### [REQUIRED ACTION]
For the listing below, output exactly the lines from the line with "This is a fun" up to and including the line with "商品説明 | フライデー・フォーカス", and no other lines.

### [DATA SUPPLIED]
◇ ◇ ◇ ◇ ◇

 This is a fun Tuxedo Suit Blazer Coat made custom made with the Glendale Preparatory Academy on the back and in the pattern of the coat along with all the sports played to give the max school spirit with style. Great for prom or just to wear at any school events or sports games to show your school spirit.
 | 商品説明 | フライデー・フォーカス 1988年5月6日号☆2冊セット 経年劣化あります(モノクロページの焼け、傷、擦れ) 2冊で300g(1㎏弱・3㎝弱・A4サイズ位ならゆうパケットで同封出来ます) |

◇ ◇ ◇ ◇ ◇

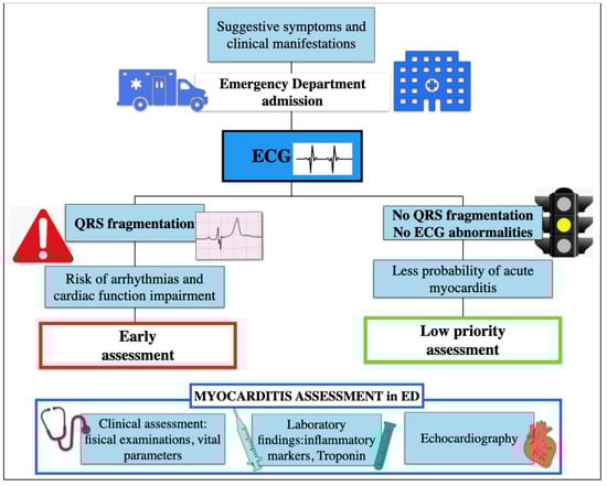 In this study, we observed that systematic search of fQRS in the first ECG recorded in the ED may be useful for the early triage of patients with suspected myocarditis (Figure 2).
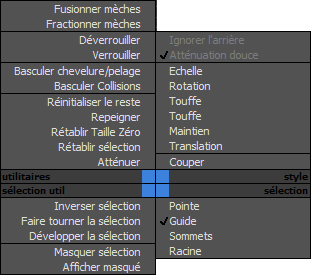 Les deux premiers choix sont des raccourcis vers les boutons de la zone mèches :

◇ ◇ ◇ ◇ ◇

### [COMPLETED EXERCISE]
 This is a fun Tuxedo Suit Blazer Coat made custom made with the Glendale Preparatory Academy on the back and in the pattern of the coat along with all the sports played to give the max school spirit with style. Great for prom or just to wear at any school events or sports games to show your school spirit.
 | 商品説明 | フライデー・フォーカス 1988年5月6日号☆2冊セット 経年劣化あります(モノクロページの焼け、傷、擦れ) 2冊で300g(1㎏弱・3㎝弱・A4サイズ位ならゆうパケットで同封出来ます) |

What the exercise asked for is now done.